• _EXTRACTED DATA_:
____

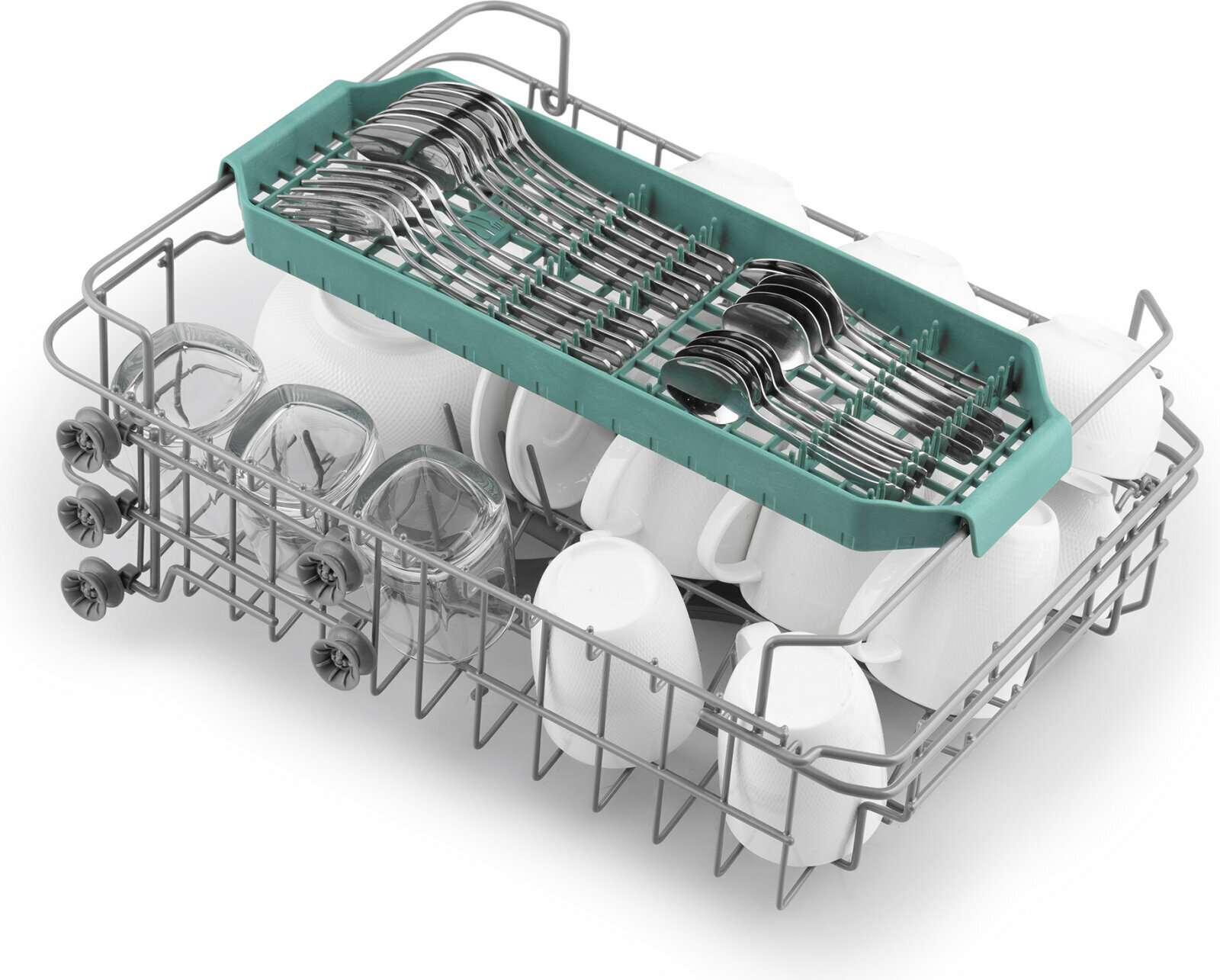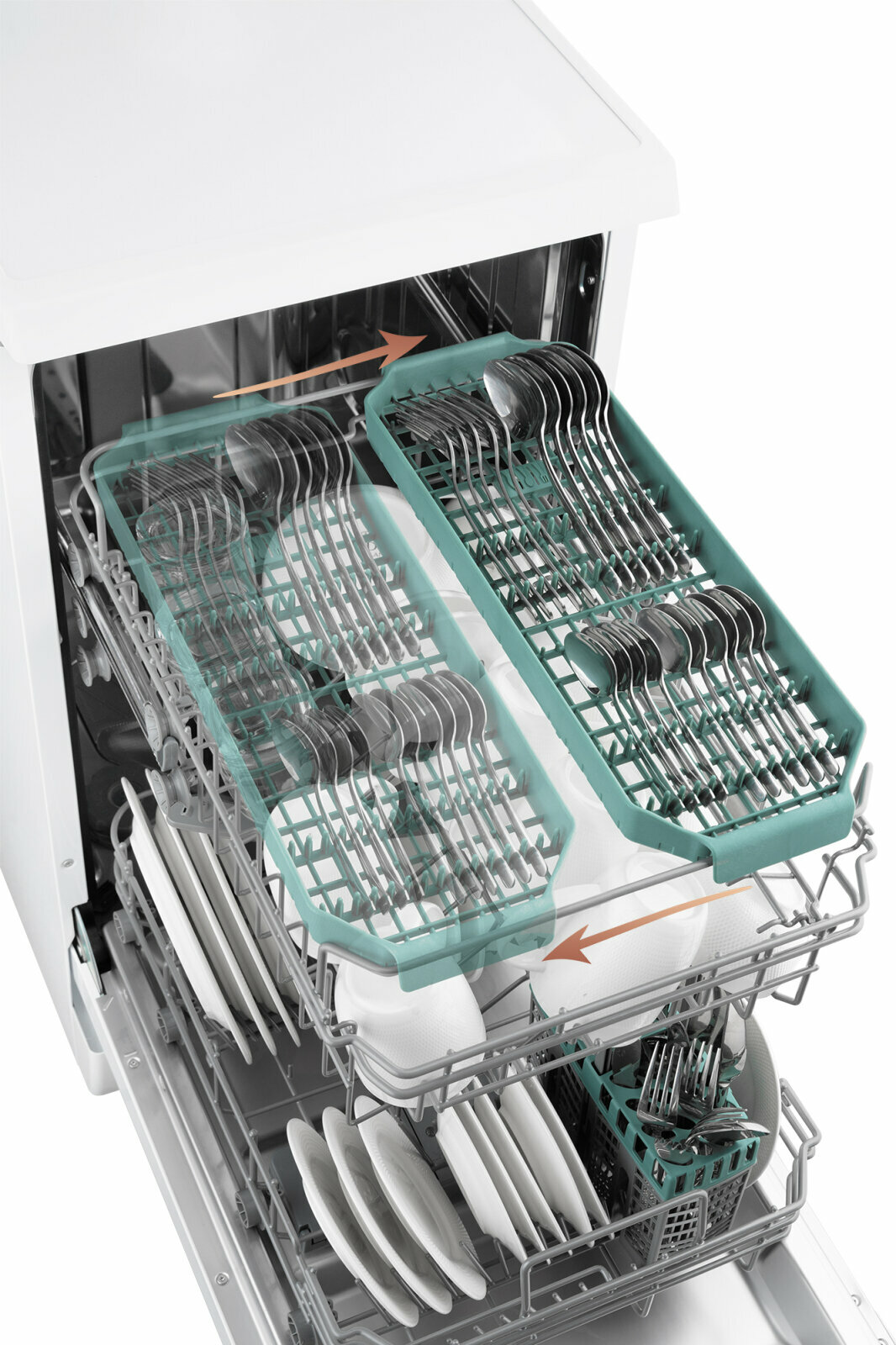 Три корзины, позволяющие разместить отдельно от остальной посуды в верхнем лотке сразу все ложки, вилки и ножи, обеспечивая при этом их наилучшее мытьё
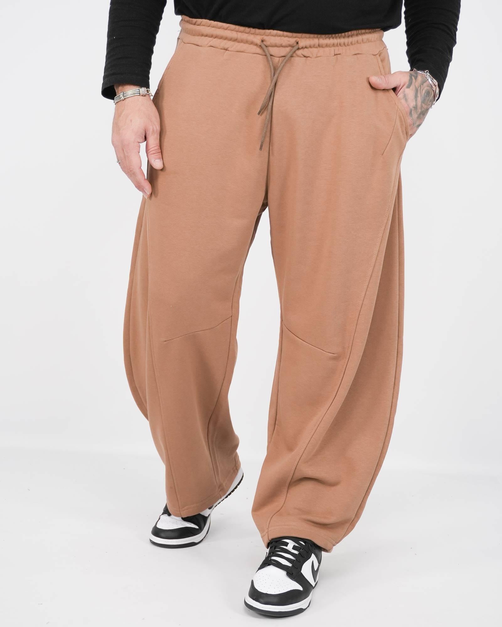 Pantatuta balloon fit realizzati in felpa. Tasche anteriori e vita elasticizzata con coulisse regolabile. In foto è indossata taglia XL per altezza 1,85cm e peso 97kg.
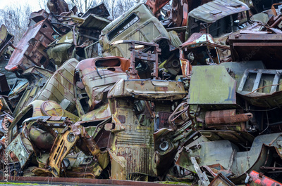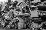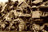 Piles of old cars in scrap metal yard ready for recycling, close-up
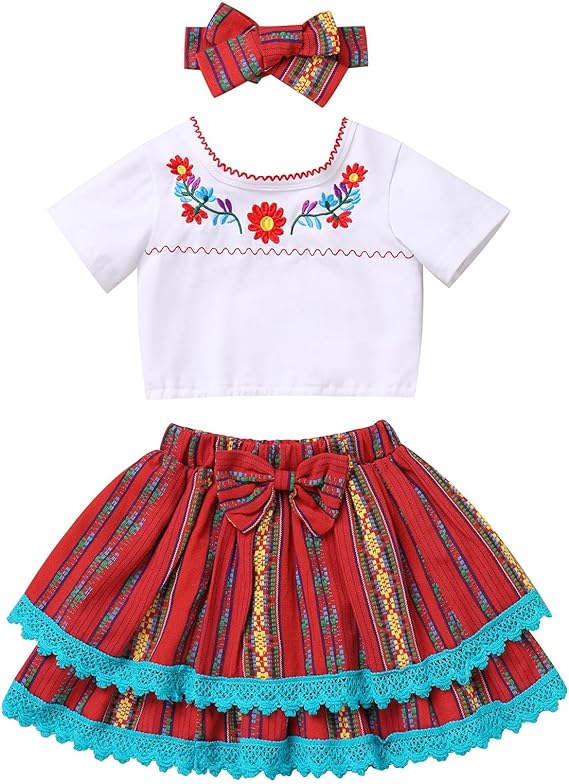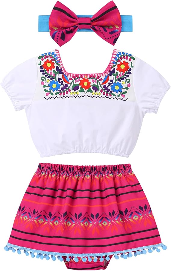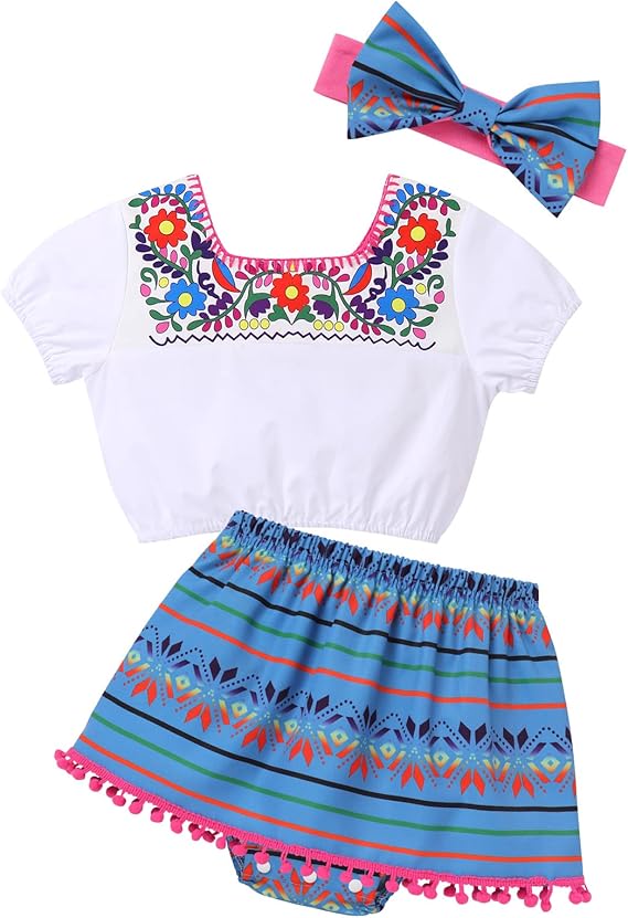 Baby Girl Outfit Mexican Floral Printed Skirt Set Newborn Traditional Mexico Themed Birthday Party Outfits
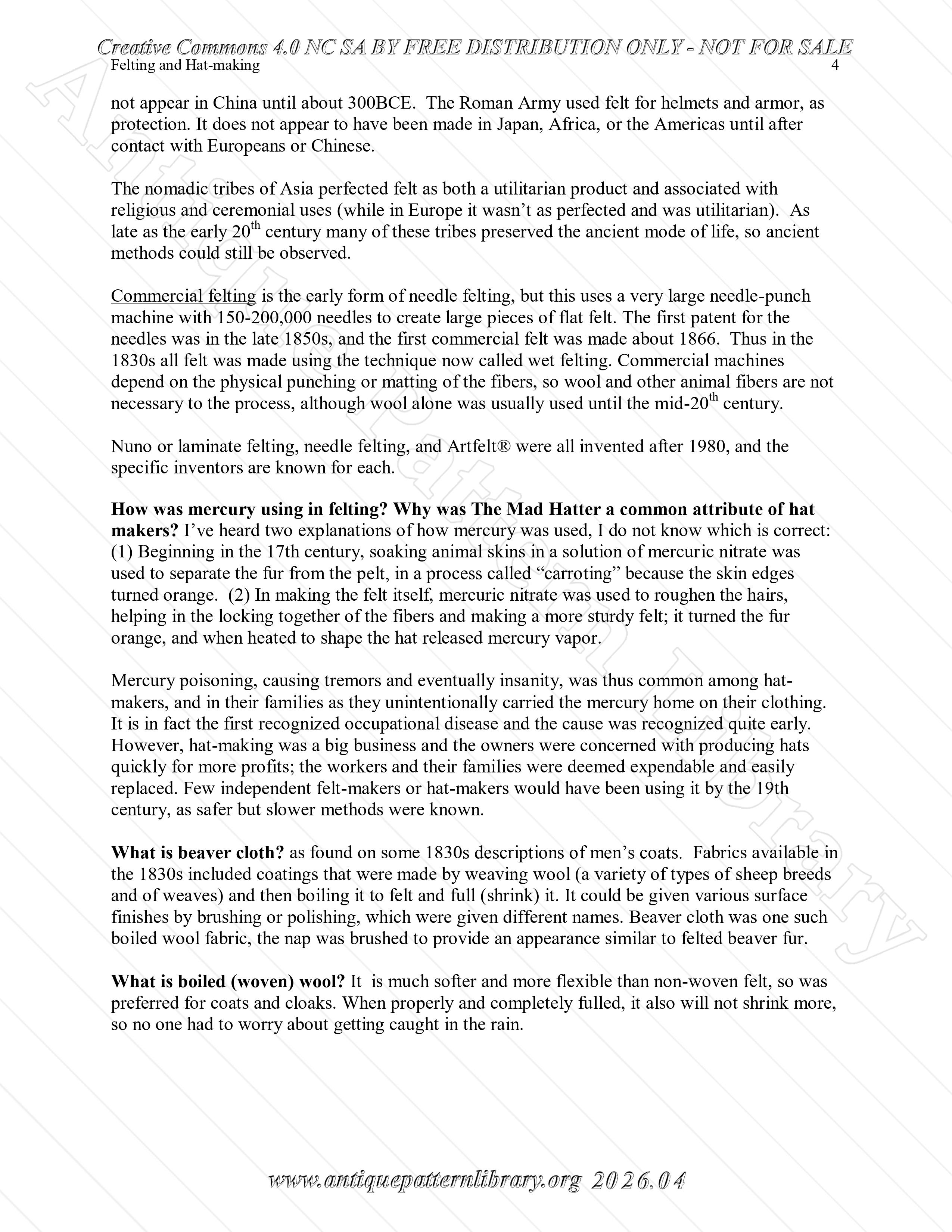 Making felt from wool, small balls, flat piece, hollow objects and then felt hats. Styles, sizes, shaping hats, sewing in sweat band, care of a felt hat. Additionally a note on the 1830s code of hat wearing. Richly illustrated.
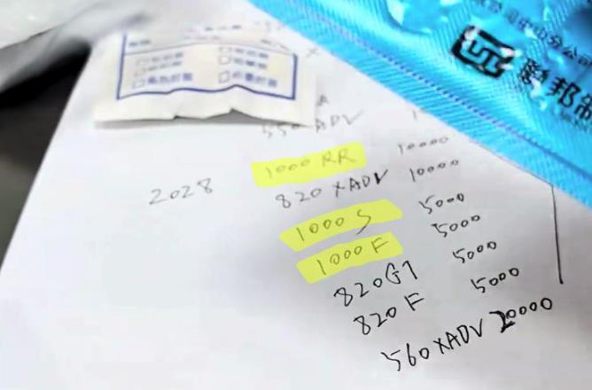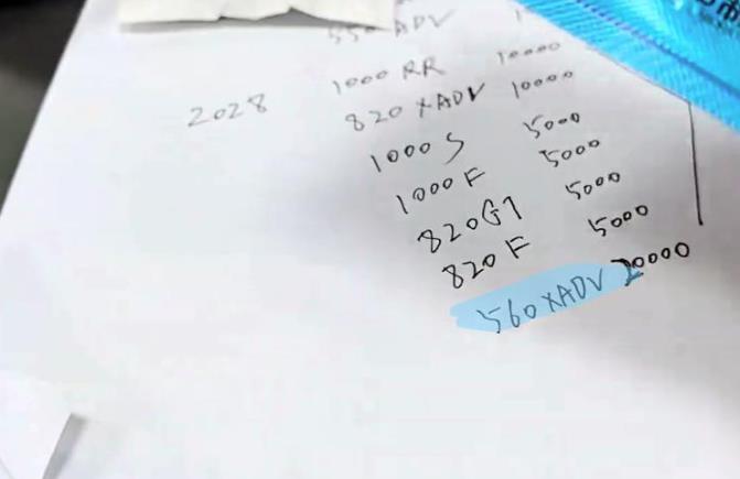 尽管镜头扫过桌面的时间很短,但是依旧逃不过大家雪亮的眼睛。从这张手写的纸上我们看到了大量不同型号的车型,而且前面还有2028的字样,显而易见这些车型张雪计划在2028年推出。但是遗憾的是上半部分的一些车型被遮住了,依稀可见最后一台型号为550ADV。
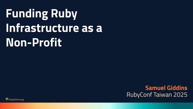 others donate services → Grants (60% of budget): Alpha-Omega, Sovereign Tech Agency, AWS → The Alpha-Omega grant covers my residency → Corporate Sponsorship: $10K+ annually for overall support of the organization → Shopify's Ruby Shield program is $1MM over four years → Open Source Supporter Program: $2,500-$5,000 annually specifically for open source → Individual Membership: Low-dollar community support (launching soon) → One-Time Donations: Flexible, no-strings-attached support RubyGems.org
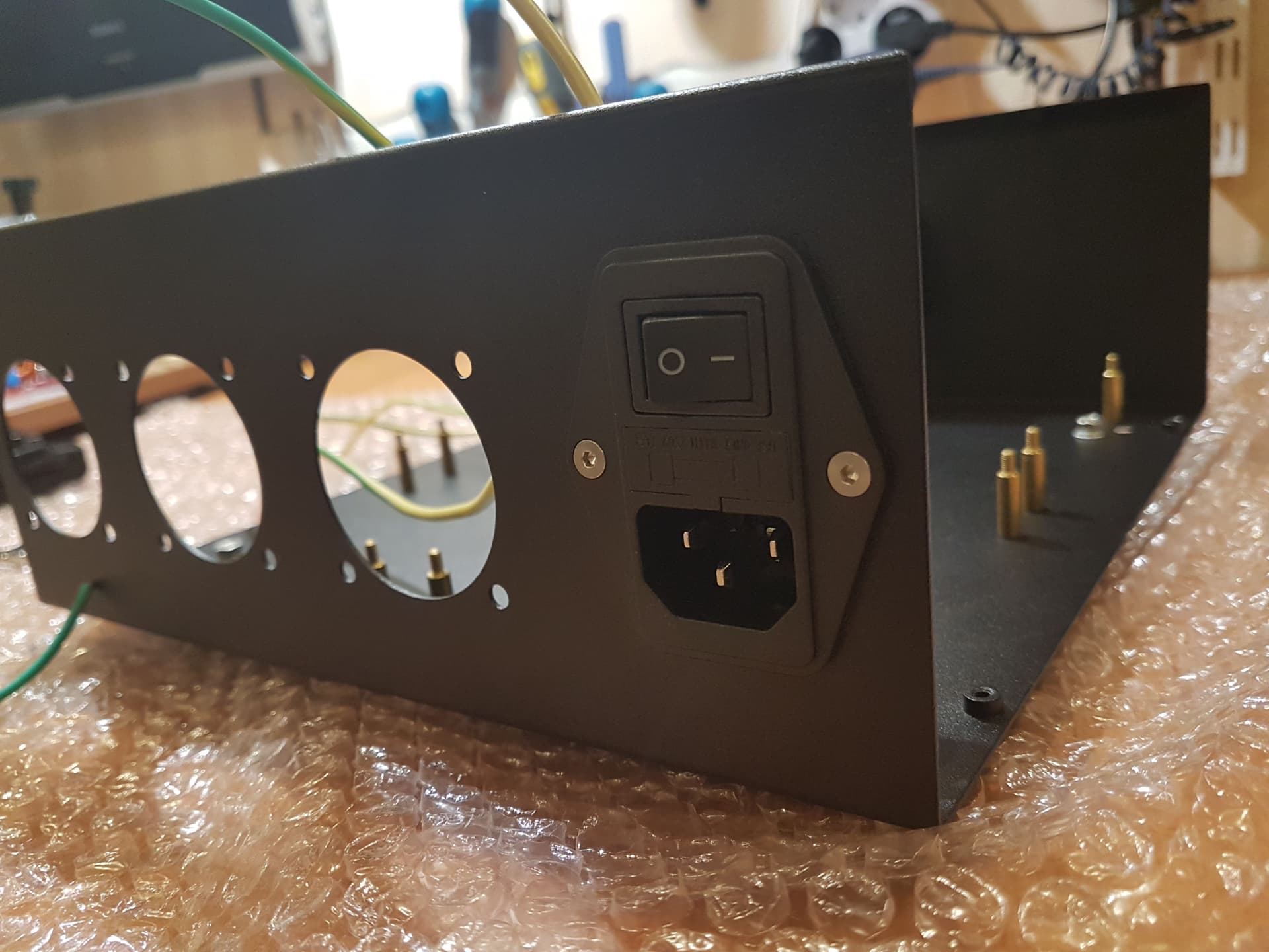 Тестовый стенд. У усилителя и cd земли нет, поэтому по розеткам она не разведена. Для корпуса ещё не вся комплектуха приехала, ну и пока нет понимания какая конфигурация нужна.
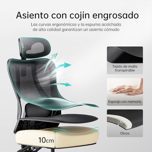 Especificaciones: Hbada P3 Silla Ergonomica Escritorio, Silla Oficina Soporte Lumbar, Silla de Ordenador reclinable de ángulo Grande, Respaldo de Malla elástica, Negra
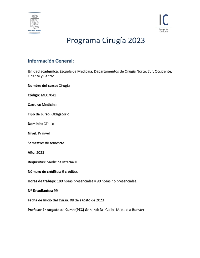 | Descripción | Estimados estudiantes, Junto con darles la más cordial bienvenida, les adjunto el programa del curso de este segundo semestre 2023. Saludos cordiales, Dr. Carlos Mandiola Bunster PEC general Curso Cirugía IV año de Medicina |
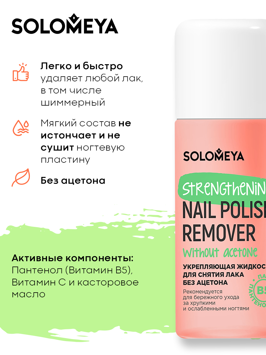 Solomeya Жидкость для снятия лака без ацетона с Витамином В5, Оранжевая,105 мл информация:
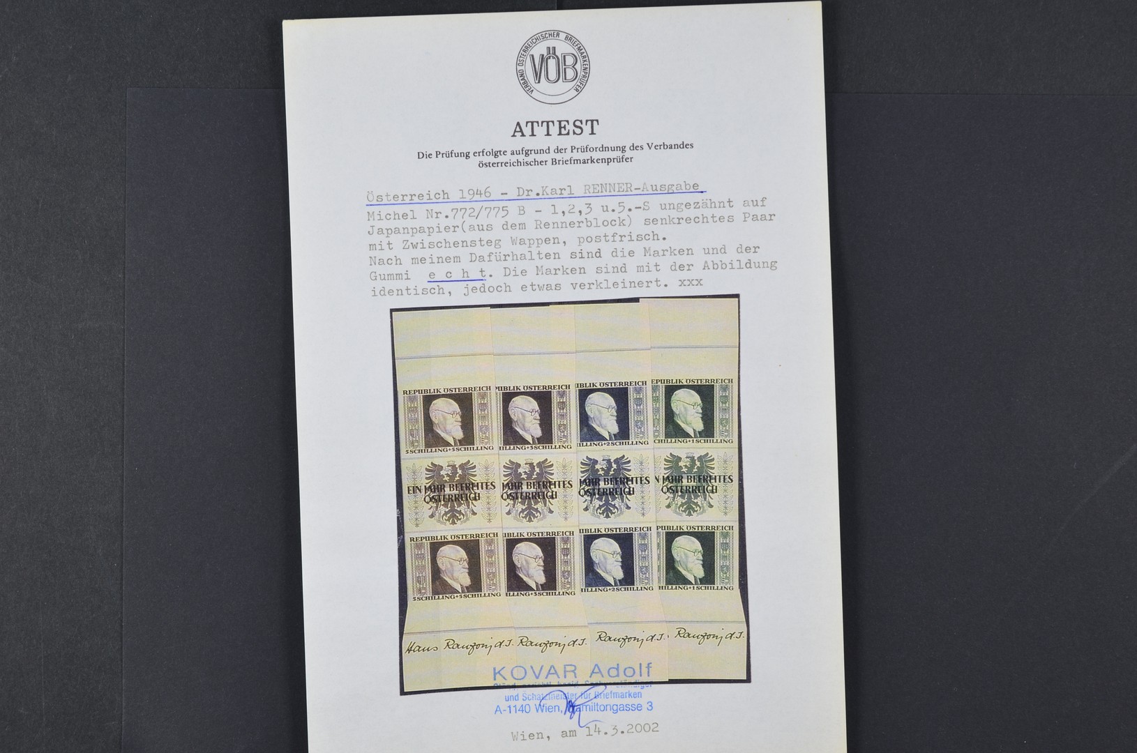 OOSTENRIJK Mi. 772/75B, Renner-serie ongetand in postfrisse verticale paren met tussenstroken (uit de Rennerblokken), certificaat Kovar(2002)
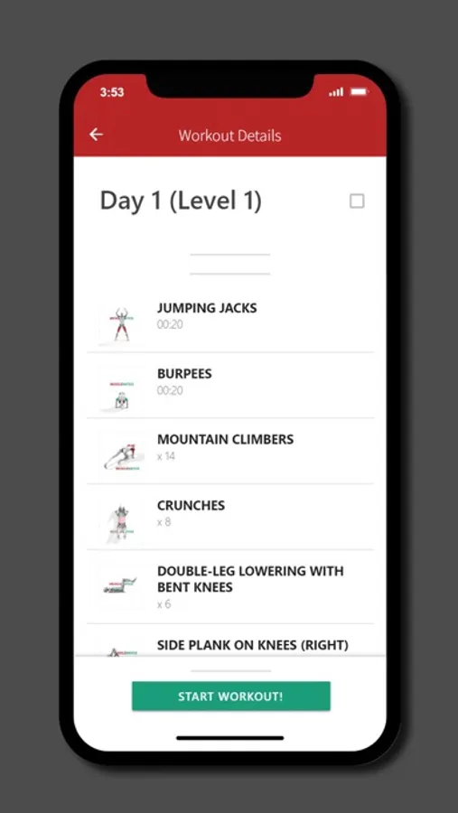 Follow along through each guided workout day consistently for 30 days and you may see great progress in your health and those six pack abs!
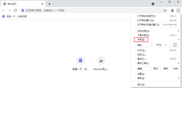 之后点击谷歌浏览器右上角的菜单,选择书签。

____

Return the complete data unchanged and include none of the pictures.

 Три корзины, позволяющие разместить отдельно от остальной посуды в верхнем лотке сразу все ложки, вилки и ножи, обеспечивая при этом их наилучшее мытьё
 Pantatuta balloon fit realizzati in felpa. Tasche anteriori e vita elasticizzata con coulisse regolabile. In foto è indossata taglia XL per altezza 1,85cm e peso 97kg.
 Piles of old cars in scrap metal yard ready for recycling, close-up
 Baby Girl Outfit Mexican Floral Printed Skirt Set Newborn Traditional Mexico Themed Birthday Party Outfits
 Making felt from wool, small balls, flat piece, hollow objects and then felt hats. Styles, sizes, shaping hats, sewing in sweat band, care of a felt hat. Additionally a note on the 1830s code of hat wearing. Richly illustrated.
 尽管镜头扫过桌面的时间很短,但是依旧逃不过大家雪亮的眼睛。从这张手写的纸上我们看到了大量不同型号的车型,而且前面还有2028的字样,显而易见这些车型张雪计划在2028年推出。但是遗憾的是上半部分的一些车型被遮住了,依稀可见最后一台型号为550ADV。
 others donate services → Grants (60% of budget): Alpha-Omega, Sovereign Tech Agency, AWS → The Alpha-Omega grant covers my residency → Corporate Sponsorship: $10K+ annually for overall support of the organization → Shopify's Ruby Shield program is $1MM over four years → Open Source Supporter Program: $2,500-$5,000 annually specifically for open source → Individual Membership: Low-dollar community support (launching soon) → One-Time Donations: Flexible, no-strings-attached support RubyGems.org
 Тестовый стенд. У усилителя и cd земли нет, поэтому по розеткам она не разведена. Для корпуса ещё не вся комплектуха приехала, ну и пока нет понимания какая конфигурация нужна.
 Especificaciones: Hbada P3 Silla Ergonomica Escritorio, Silla Oficina Soporte Lumbar, Silla de Ordenador reclinable de ángulo Grande, Respaldo de Malla elástica, Negra
 | Descripción | Estimados estudiantes, Junto con darles la más cordial bienvenida, les adjunto el programa del curso de este segundo semestre 2023. Saludos cordiales, Dr. Carlos Mandiola Bunster PEC general Curso Cirugía IV año de Medicina |
 Solomeya Жидкость для снятия лака без ацетона с Витамином В5, Оранжевая,105 мл информация:
 OOSTENRIJK Mi. 772/75B, Renner-serie ongetand in postfrisse verticale paren met tussenstroken (uit de Rennerblokken), certificaat Kovar(2002)
 Follow along through each guided workout day consistently for 30 days and you may see great progress in your health and those six pack abs!
 之后点击谷歌浏览器右上角的菜单,选择书签。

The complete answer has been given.